A thorough intake assessment will give me much of the information I need to create a behavior plan, initial acquisition programs, and parent training documents. Of course I will need to keep getting to know the child and family dynamics, but much of what I need to know is revealed during intake: Is the house chaotic and disorganized? A routine and visual schedule will likely be necessary. Is the child incredibly aggressive towards their siblings, OR ignores their siblings completely? Social interaction programs, including involving their sibling and other peers, will need to be taught.. Do the parents reinforce problem behaviors in front of you? Parent training will be key. And so on……

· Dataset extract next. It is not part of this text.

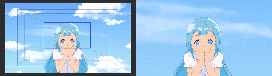아래 예에서 파란색 테두리는 최종 출력 크기, 회색 선은 카메라 움직임을 나타냅니다. 출력 영역 밖에 배경을 그려 더 역동적인 효과를 추가할 수 있습니다.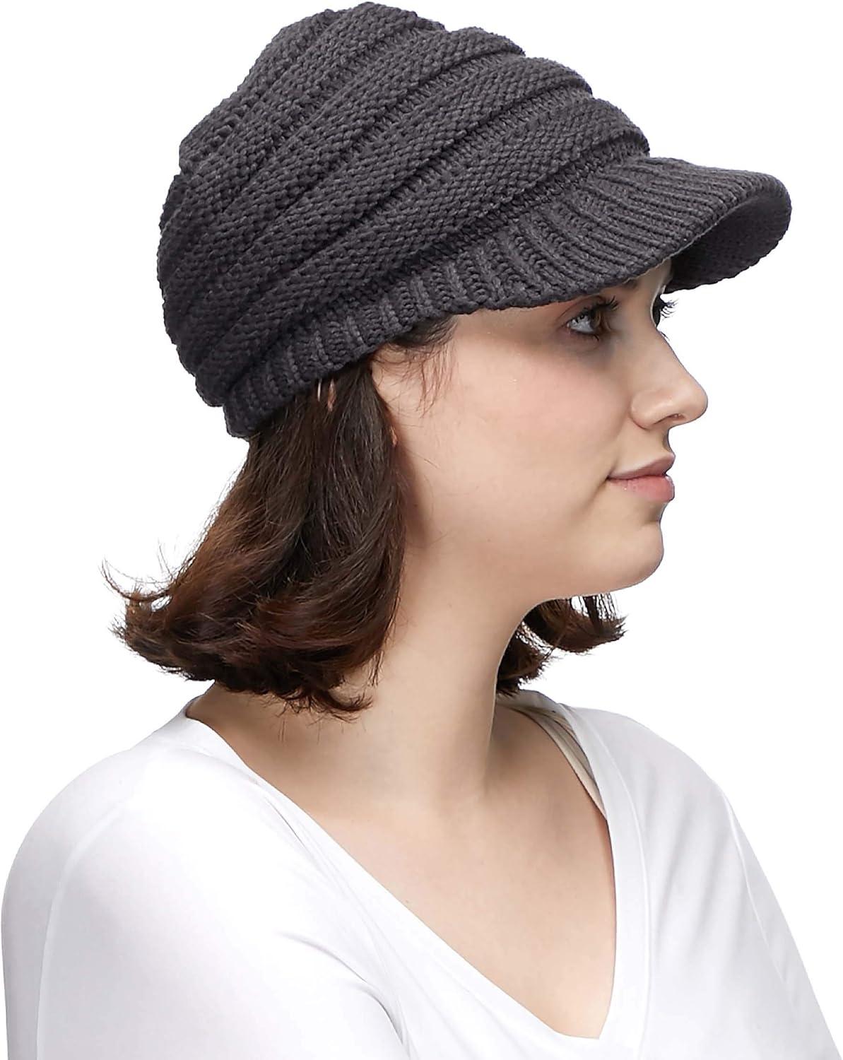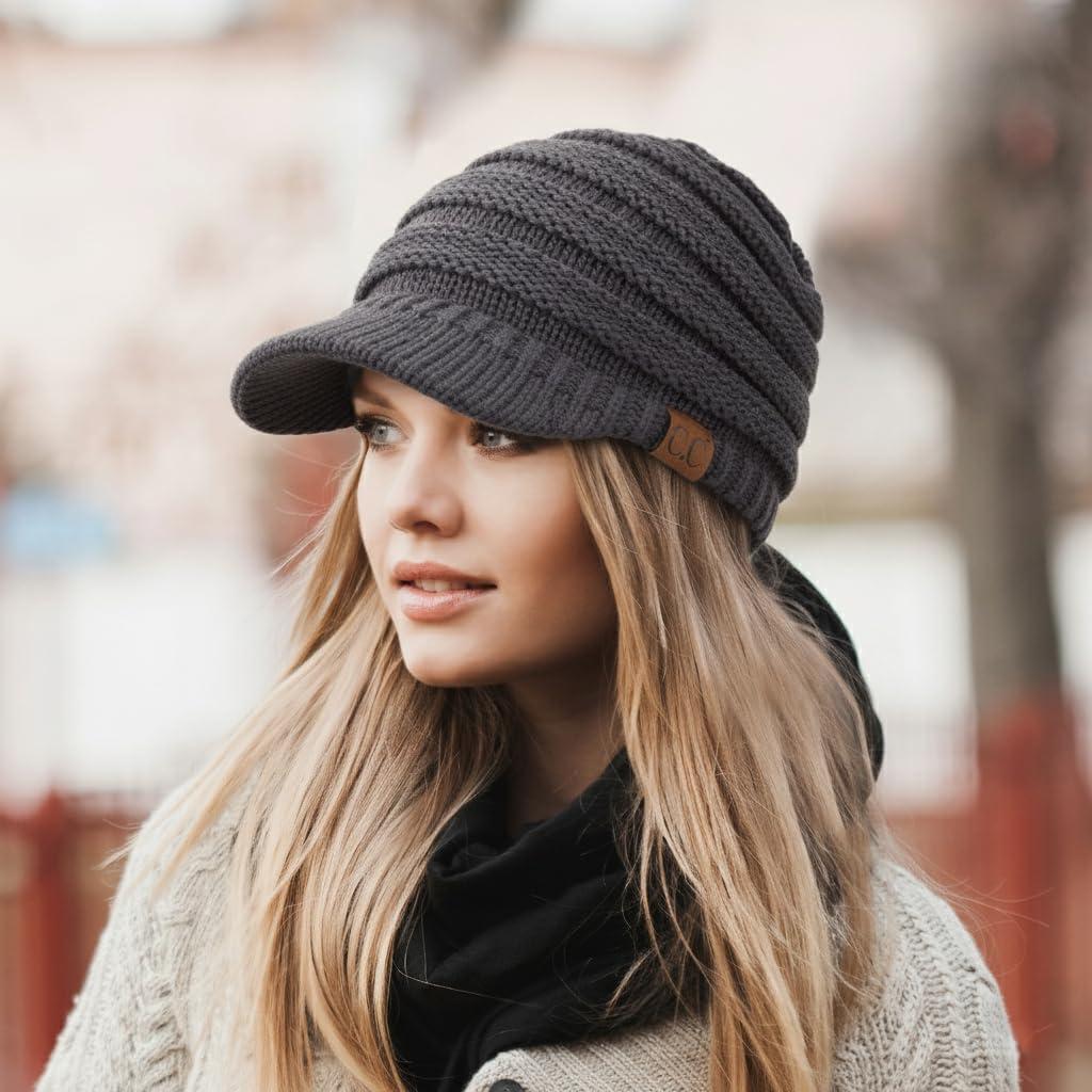 C.C Hatsandscarf Exclusives Women’s Ribbed Knit Hat with Brim (YJ-131)(YJ-2023)(Dark Grey)

The following is intended to be a guide to conducting intake assessments, and there is a link to a sample intake form below.

Conducting an Intake Assessment

Eligibility - This will vary greatly depending on the funding source, if you work independently, or if you work for an agency. Eligibility basically is determining if the client is eligible for services. Some funding sources require a diagnosis of Autism. Companies may require that families complete parent training before they can begin services. If you work independently, you may create your own eligibility criteria that families must meet in order to work with you. Things to discuss during this portion of the intake process include: How will the family pay for treatment? What is the client’s diagnosis (and are there secondary diagnoses)? How many hours per week of treatment is being requested? Do your experiences and expertise qualify you to work with this client (e.g., you have only worked with adult clients and this client is 3)?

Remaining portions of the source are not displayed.